- Born: January 12, 1907 Nice, California, United States
- Died: May 31, 1993 (aged 86)
- Education: Spiritual training, self-taught
- Known for: Basket weaving

= Mabel McKay =

Last Pomo dream doctor in California (1907–1993)

Mabel McKay (January 12, 1907 – May 31, 1993) was a member of the Long Valley Cache Creek Pomo Indians and was of Patwin descent. She was the last dreamer of the Pomo people and was renowned for her basket weaving. She sat on California's first Native American Heritage Commission.

==Life ==
McKay was born on January 12, 1907, in Nice in Lake County, California. Her father was Yonta Boone (Potter Valley Pomo) and her mother was Daisy Hansen (Lolsel Cache Creek Pomo). She was raised by her maternal grandmother, Sarah Taylor, who taught her the Long Valley Cache Creek language and how to forage for medicinal plants. At the age of eight, she was guided by her dreams to weave her first basket. She did not attend school past the third grade due to a series of illnesses.

=== Basket-weaving ===
McKay claimed that weaving, for her, was a spiritual path rather than a craft. She claimed she was strictly instructed by Spirit as to how and what to weave. Because of the sacred nature of her weaving, she usually wove in private. In keeping with Pomo tradition, she used sedge for her baskets and redbud for the red designs. Some of her baskets also used feathers.Her baskets were featured in many newspapers and she was viewed as a prodigy.

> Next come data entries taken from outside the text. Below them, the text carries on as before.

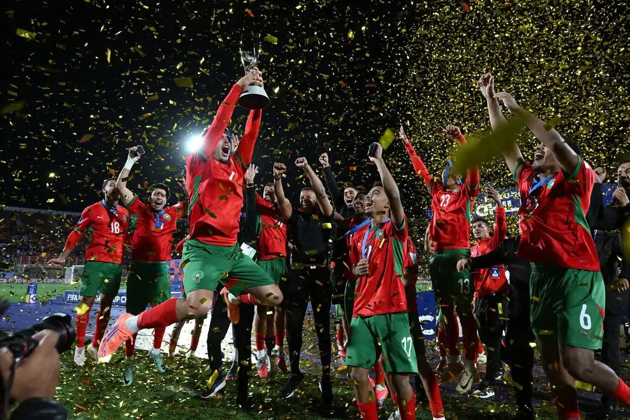 当地时间10月19日,在智利圣地亚哥进行的2025国际足联U20男足世界杯决赛中,摩洛哥队2比0战胜阿根廷队,获得冠军。
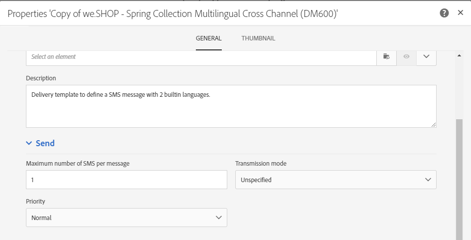 이 섹션에서는 SMS 게재 또는 SMS 템플릿의 속성 화면에 있는 SMS 고유 매개 변수 목록을 자세히 설명합니다.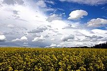 In central and northern Alberta the arrival of spring is marked by the early flowering of the prairie crocus anemone; this member of the buttercup family has been recorded flowering as early as March, though April is the usual month for the general population.[38] Other prairie flora known to flower early are the golden bean and wild rose.[39] Members of the sunflower family blossom on the prairie in the summer months between July and September.[40] The southern and east central parts of Alberta are covered by short prairie grass,[41] which dries up as summer lengthens, to be replaced by hardy perennials such as the prairie coneflower, fleabane, and sage. Both yellow and white sweet clover can be found throughout the southern and central areas of the province.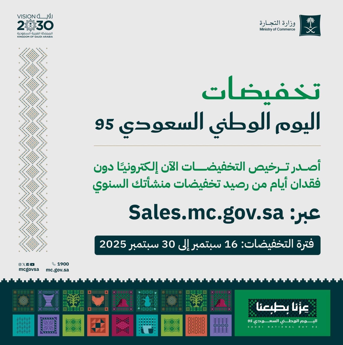 أعلنت وزارة التجارة عن إتاحة التقديم للحصول على تراخيص التخفيضات الموسمية لليوم الوطني الـ95، للمنشآت التجارية والمتاجر الالكترونية بشكل الكتروني من خلال الرابط: https://sales.mc.gov.sa/.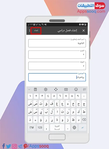 قم الان بملئ البيانات المطلوبة منك انت كمعلم، اسم الصف، القسم، الغرفة، الموضوع، ومن ثم اضغط على انشاء ، كما هو موضح بالصورة اسفل: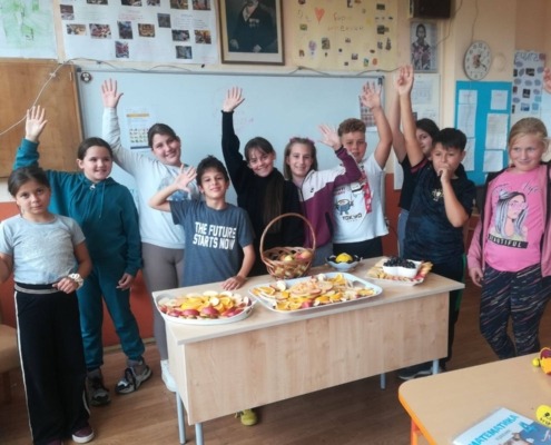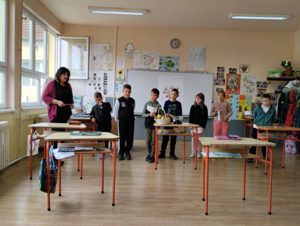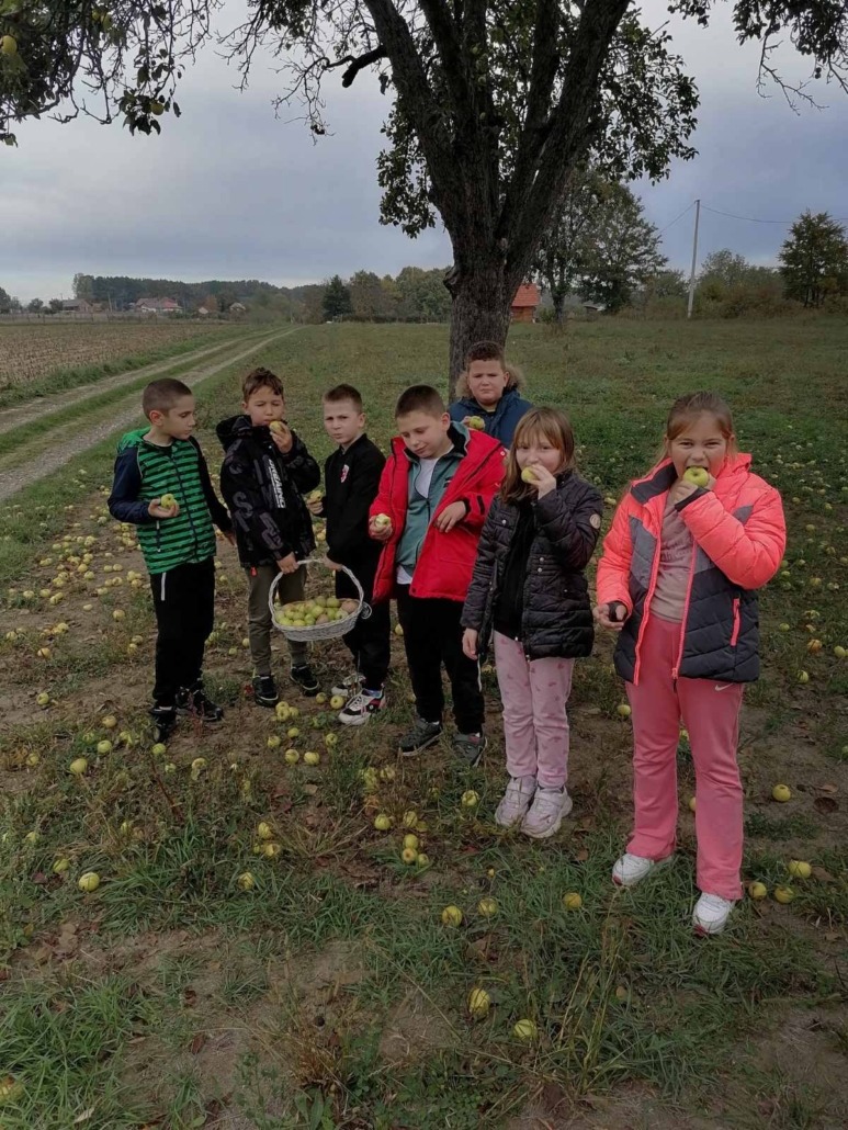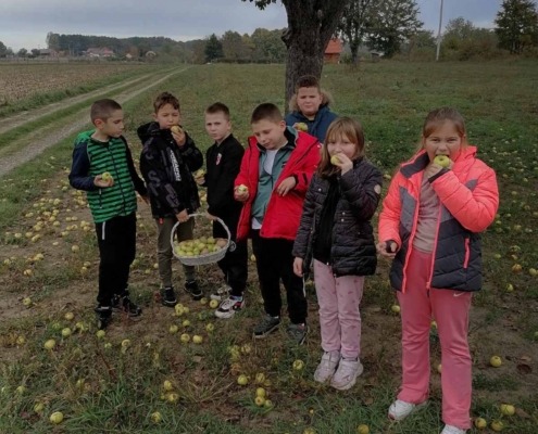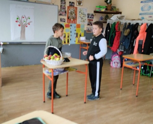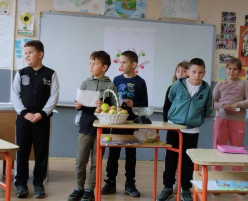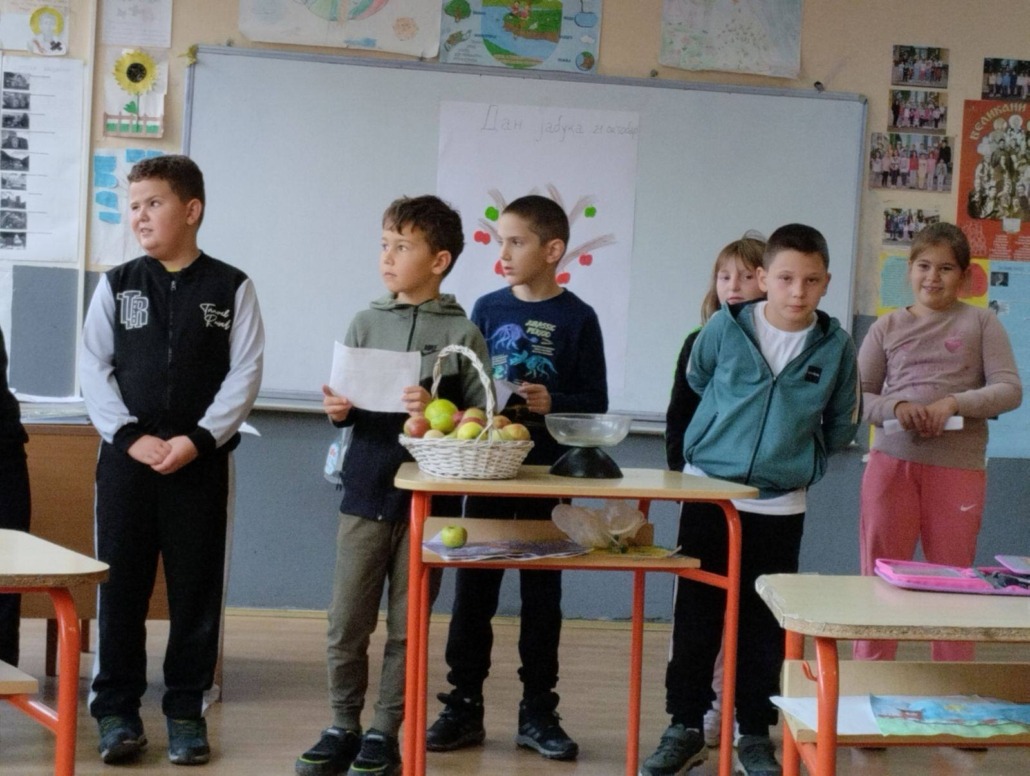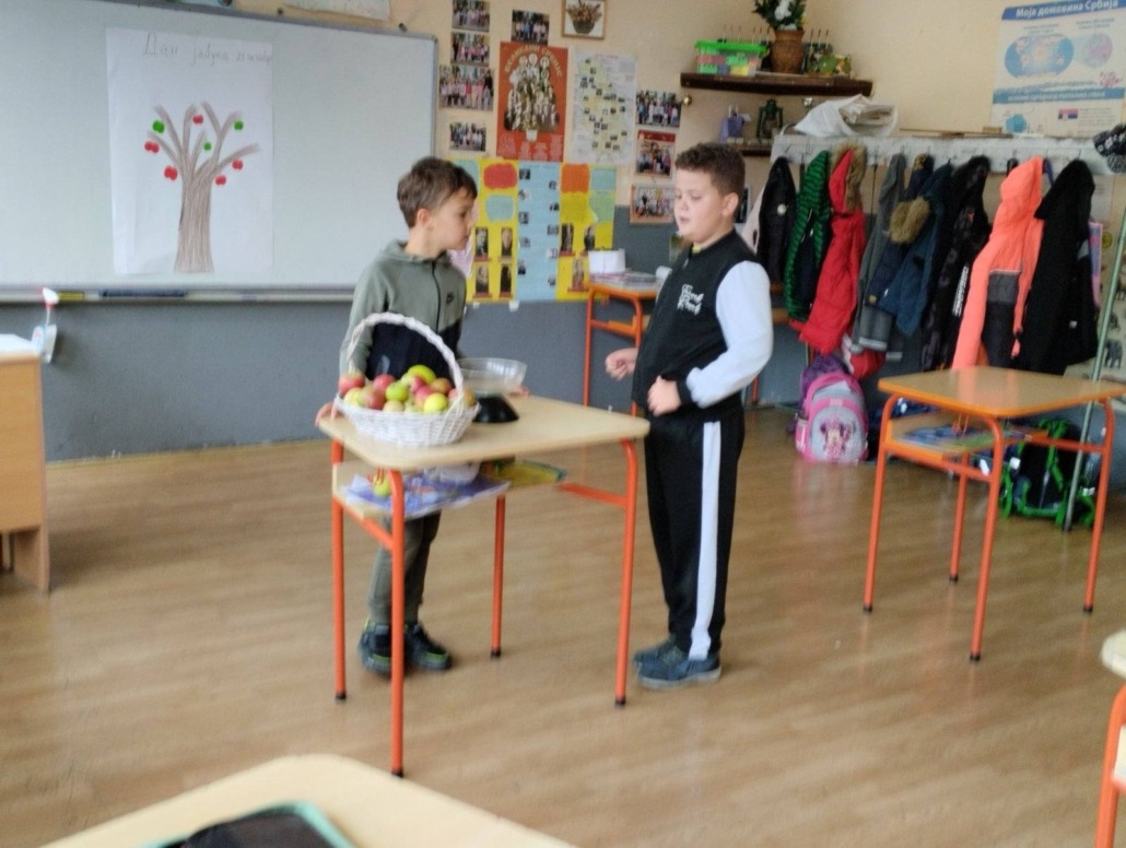 Другаци су прво обишли воћњак у близини школе па пре учења песме на часу Музичке културе анализирали занимљивости из школских новина и одглумели  шале о јабукама.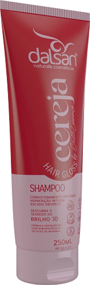 A Linha Cereja Hair Gloss by Emilli Lourenço é a junção de ativos tecnológicos que proporcionam brilho tridimensional, condicionamento, hidratação e ação antifrizz. Possui óleo de moringa, rico em vitaminas A, C e E, ômegas 3, 6 e 9, nutrientes e antioxidantes. O extrato de cereja ajuda a manter a hidratação e brilho capilar.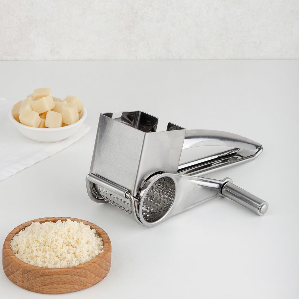 Уникальная роторная тёрка SATOSHI идеально подходит для натирания твёрдых сыров. Классный дизайн, гладкий внешний вид и удобный вращающийся механизм. Подходит как для правшей, так и для левшей. Ее небольшой размер и удобная рукоятка идеально подходит для добавления последних штрихов уже готовому блюду. Никогда измельчение сыра не было таким легким и удобным. Может быть оригинальным подарком.

She began giving demonstrations in the State Indian Museum in Sacramento, where she refused to sell the baskets she made and instead gave them as gifts. In the late 1970s she began teaching basket-weaving classes for both native and non-native students. She continued with her baskets until death, and many have been exhibited in museums such as the National Museum of Natural History.

=== Academic and advisory work ===
In the late 1960s, McKay was on the Native American Advisory Council for a proposed dam in Dry Creek, which threatened to disturb an ancestral Pomo village site and long-standing beds of sedge. Although they could not prevent the dam's construction, the council was able to document the site and transplant some of the sedge beds. McKay also spoke at universities and served as a cultural consultant for anthropologists. She spoke at the New School in New York with Essie Parrish on March 14, 1972. In 1976 she was appointed to California's first Native American Heritage Commission.

=== Medicine ===
McKay also became a well known-healer among those in her community. She was one of the last Pomo dream doctors, and would often travel great distances to tend to her patients.

=== Personal life ===
Prior to the end of World War II, Mabel married Charlie McKay, with whom she had a son, Marshall (1952–2021). After Charlie died in the 1960s, McKay worked at an apple cannery.

=== Death ===
McKay died on May 31, 1993, and was buried next to Essie Parish in the Kashaya Pomo cemetery.

== Exhibits ==
From 2016 to 2017 the Autry Museum of the American West exhibited McKay's work in an exhibit titled "The Life and Work of Mabel McKay". Her son, Marshall McKay, helped put together the exhibit.

== Legacy ==
Greg Sarris published a biography of Mabel in 1997, called Weaving the Dream (University of California Press). McKay's work has been cited as having inspired other artists, including Dineh artist Leatrice Mikkelsen.